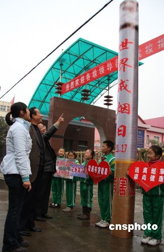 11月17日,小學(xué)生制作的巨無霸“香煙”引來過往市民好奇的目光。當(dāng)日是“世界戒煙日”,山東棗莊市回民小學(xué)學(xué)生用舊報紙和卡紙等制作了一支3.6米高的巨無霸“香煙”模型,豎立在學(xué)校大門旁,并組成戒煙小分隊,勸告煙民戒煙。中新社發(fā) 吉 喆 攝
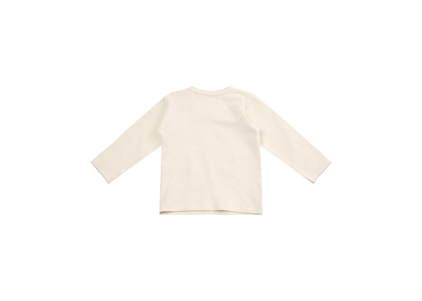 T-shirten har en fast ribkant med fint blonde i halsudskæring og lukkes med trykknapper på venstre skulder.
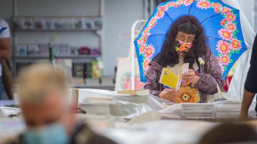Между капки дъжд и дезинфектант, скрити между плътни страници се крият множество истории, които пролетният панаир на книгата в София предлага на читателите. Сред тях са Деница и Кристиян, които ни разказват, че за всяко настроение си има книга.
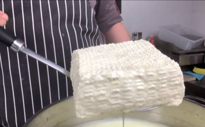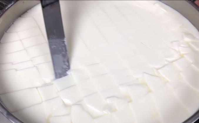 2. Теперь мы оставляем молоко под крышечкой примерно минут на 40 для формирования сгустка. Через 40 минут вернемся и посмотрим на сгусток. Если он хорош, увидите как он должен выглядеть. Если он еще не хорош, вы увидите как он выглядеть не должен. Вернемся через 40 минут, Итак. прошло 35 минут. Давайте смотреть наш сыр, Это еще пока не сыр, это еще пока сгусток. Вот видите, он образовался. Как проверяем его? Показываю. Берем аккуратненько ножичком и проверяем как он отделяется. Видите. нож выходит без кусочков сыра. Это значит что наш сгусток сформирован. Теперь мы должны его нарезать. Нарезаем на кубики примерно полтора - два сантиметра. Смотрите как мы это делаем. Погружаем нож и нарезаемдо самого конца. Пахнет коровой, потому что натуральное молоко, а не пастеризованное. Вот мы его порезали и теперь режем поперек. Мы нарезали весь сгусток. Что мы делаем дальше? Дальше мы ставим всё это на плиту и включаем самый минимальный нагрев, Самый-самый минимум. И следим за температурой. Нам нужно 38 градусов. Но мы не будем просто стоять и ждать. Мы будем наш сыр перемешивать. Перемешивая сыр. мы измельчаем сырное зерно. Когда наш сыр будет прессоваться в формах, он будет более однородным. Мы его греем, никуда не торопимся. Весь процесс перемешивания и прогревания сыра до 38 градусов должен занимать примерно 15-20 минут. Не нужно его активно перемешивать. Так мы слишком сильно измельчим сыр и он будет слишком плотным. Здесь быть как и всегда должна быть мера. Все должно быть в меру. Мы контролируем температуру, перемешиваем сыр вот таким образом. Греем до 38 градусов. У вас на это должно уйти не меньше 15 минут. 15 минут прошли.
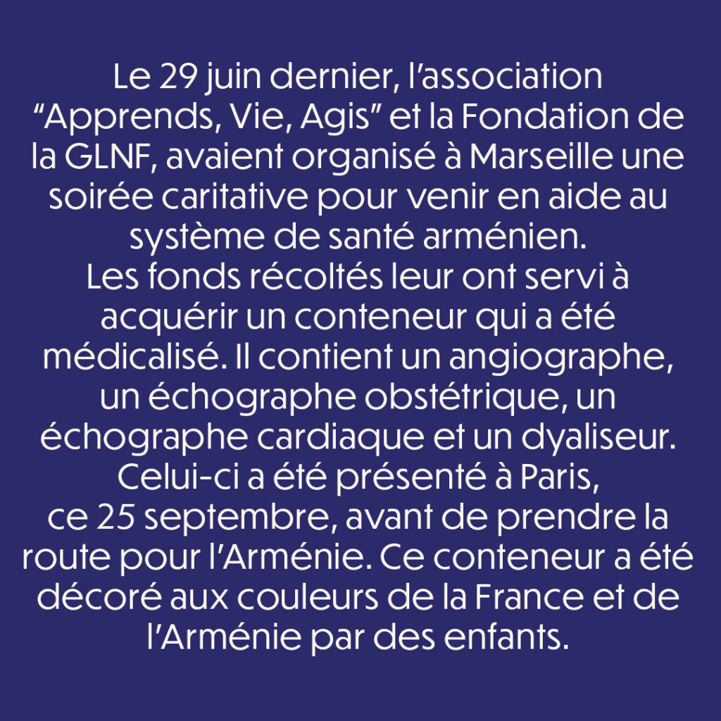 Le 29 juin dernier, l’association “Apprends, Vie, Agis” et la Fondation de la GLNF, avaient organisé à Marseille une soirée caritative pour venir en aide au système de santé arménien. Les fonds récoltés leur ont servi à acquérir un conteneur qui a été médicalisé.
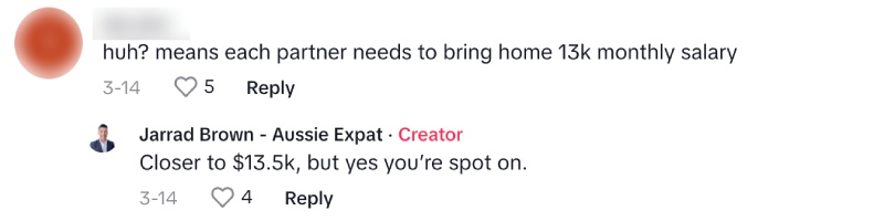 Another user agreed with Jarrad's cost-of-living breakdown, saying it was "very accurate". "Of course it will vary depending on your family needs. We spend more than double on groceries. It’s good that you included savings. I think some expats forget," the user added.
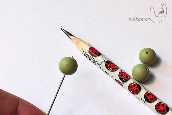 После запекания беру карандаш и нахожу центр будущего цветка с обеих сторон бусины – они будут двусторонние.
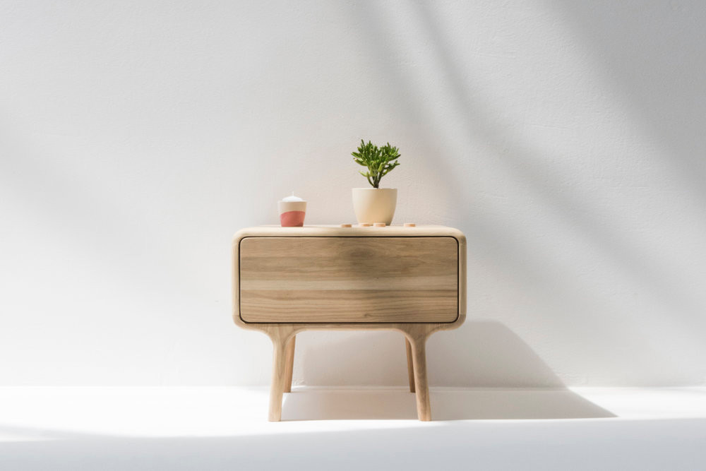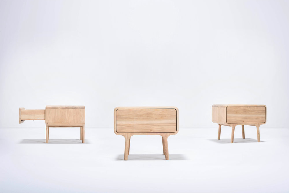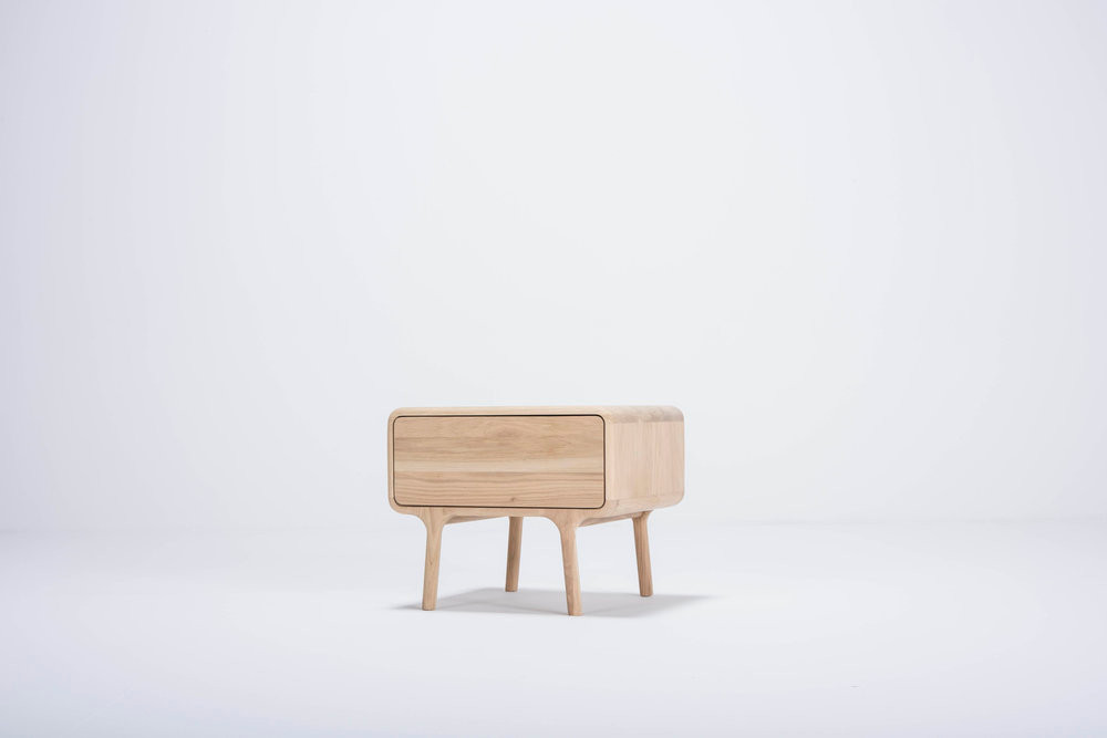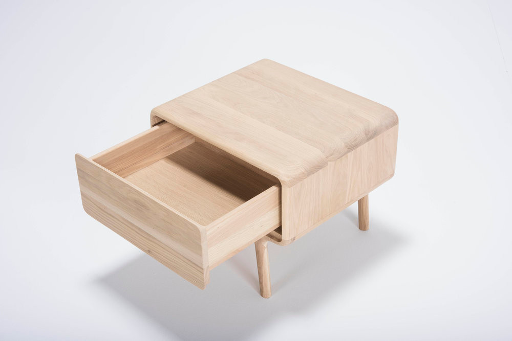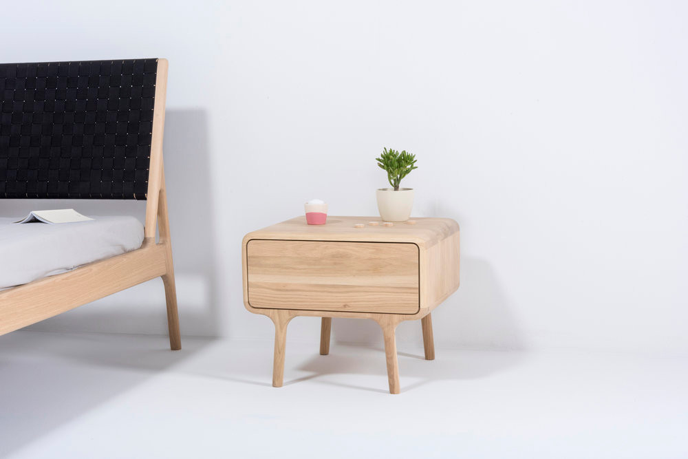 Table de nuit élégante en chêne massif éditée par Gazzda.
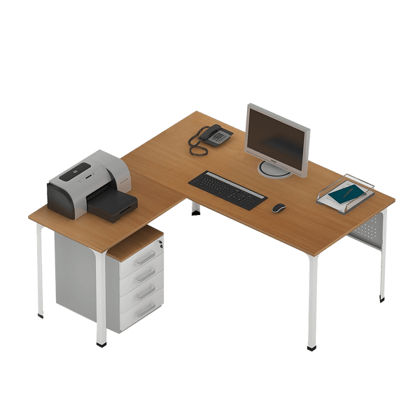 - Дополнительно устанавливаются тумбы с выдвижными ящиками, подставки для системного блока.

════════

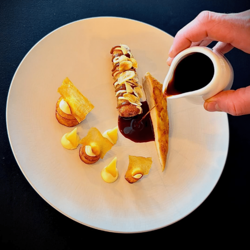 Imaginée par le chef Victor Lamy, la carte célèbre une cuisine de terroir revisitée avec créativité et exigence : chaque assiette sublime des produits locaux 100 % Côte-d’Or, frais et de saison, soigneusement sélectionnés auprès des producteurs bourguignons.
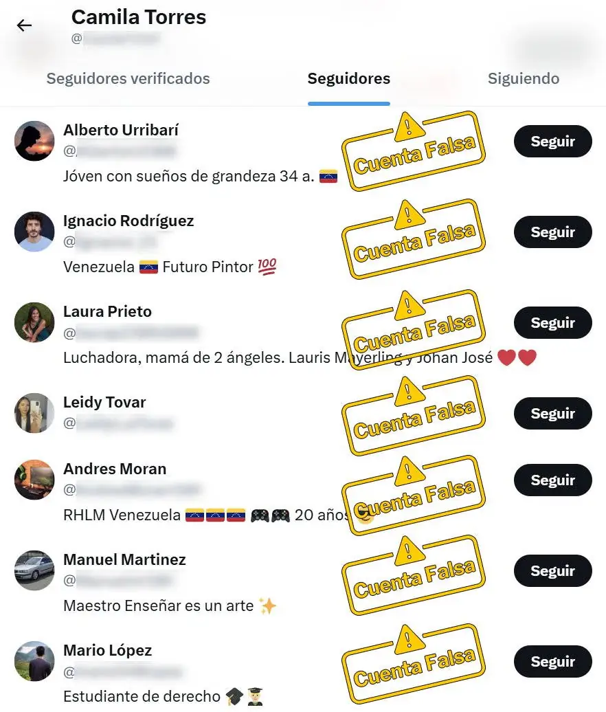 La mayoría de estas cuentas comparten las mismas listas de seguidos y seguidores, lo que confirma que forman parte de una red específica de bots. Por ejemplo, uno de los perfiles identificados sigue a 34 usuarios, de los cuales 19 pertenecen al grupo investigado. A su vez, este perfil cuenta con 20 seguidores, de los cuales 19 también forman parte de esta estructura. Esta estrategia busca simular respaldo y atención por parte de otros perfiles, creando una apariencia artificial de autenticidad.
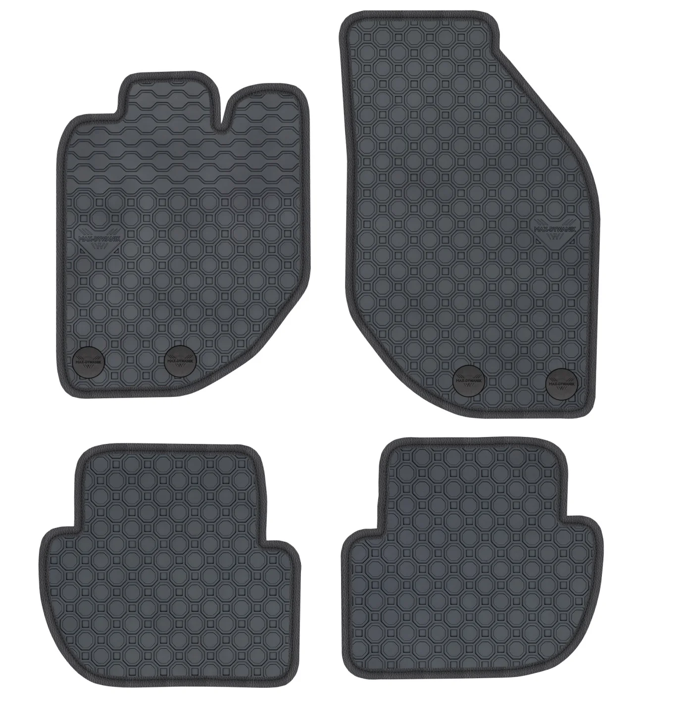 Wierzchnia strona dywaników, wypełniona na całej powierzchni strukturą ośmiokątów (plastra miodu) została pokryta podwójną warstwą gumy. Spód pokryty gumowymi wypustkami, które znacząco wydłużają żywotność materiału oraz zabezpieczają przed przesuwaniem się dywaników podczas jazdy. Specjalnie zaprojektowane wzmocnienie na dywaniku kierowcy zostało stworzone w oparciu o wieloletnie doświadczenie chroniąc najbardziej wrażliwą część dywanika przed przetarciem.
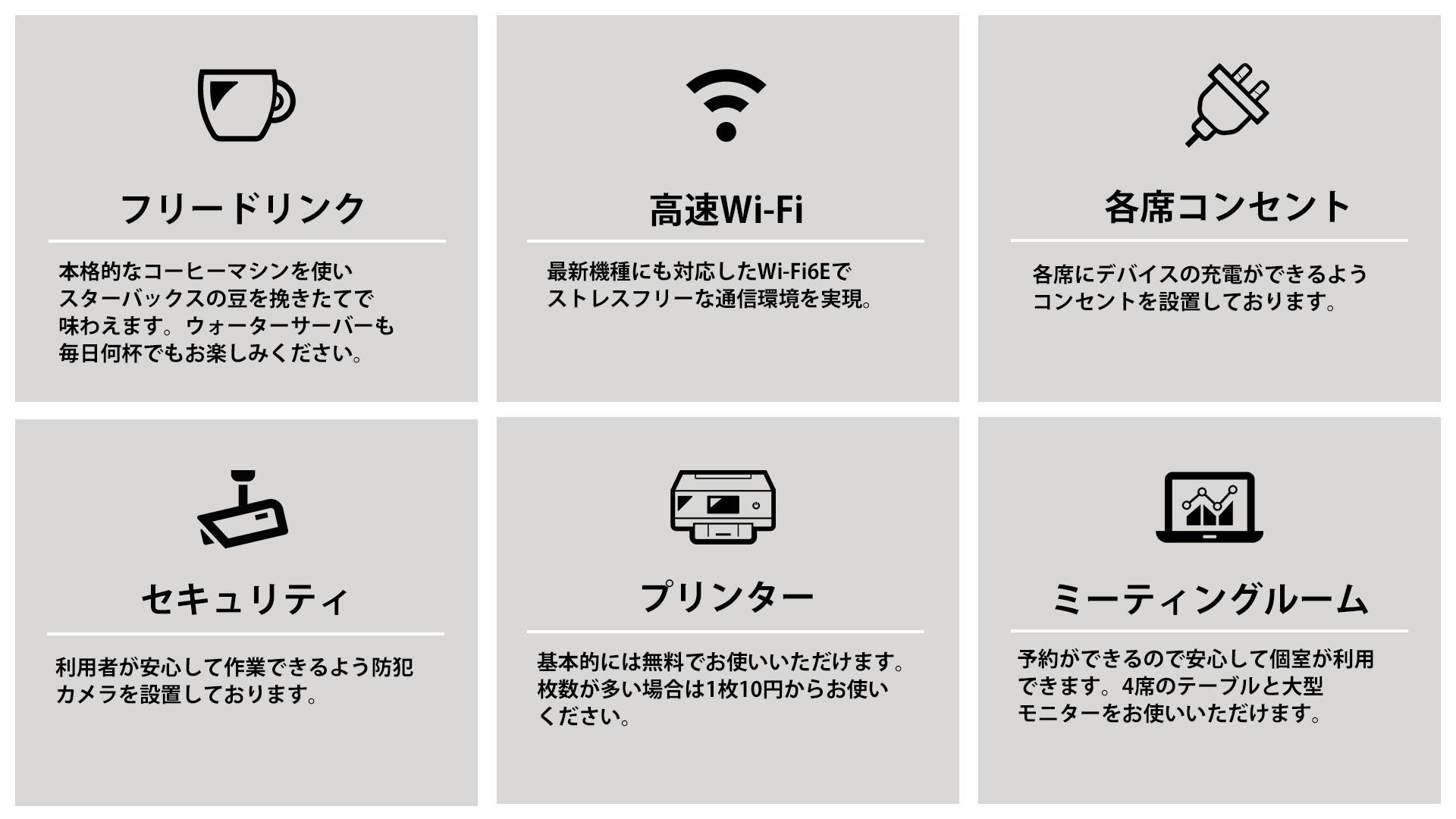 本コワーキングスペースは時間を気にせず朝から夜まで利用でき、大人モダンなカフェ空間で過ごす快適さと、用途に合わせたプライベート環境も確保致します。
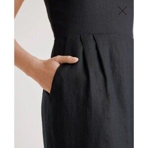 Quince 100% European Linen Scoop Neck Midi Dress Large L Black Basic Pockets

════════

§ **Task to carry out**: Within the listing above, find the line containing "Le 29 juin dernier, l’association" and the line containing "- Дополнительно устанавливаются". Transcribe them and everything between them exactly, leaving out the pictures.

§ **Your response**:
 Le 29 juin dernier, l’association “Apprends, Vie, Agis” et la Fondation de la GLNF, avaient organisé à Marseille une soirée caritative pour venir en aide au système de santé arménien. Les fonds récoltés leur ont servi à acquérir un conteneur qui a été médicalisé.
 Another user agreed with Jarrad's cost-of-living breakdown, saying it was "very accurate". "Of course it will vary depending on your family needs. We spend more than double on groceries. It’s good that you included savings. I think some expats forget," the user added.
 После запекания беру карандаш и нахожу центр будущего цветка с обеих сторон бусины – они будут двусторонние.
 Table de nuit élégante en chêne massif éditée par Gazzda.
 - Дополнительно устанавливаются тумбы с выдвижными ящиками, подставки для системного блока.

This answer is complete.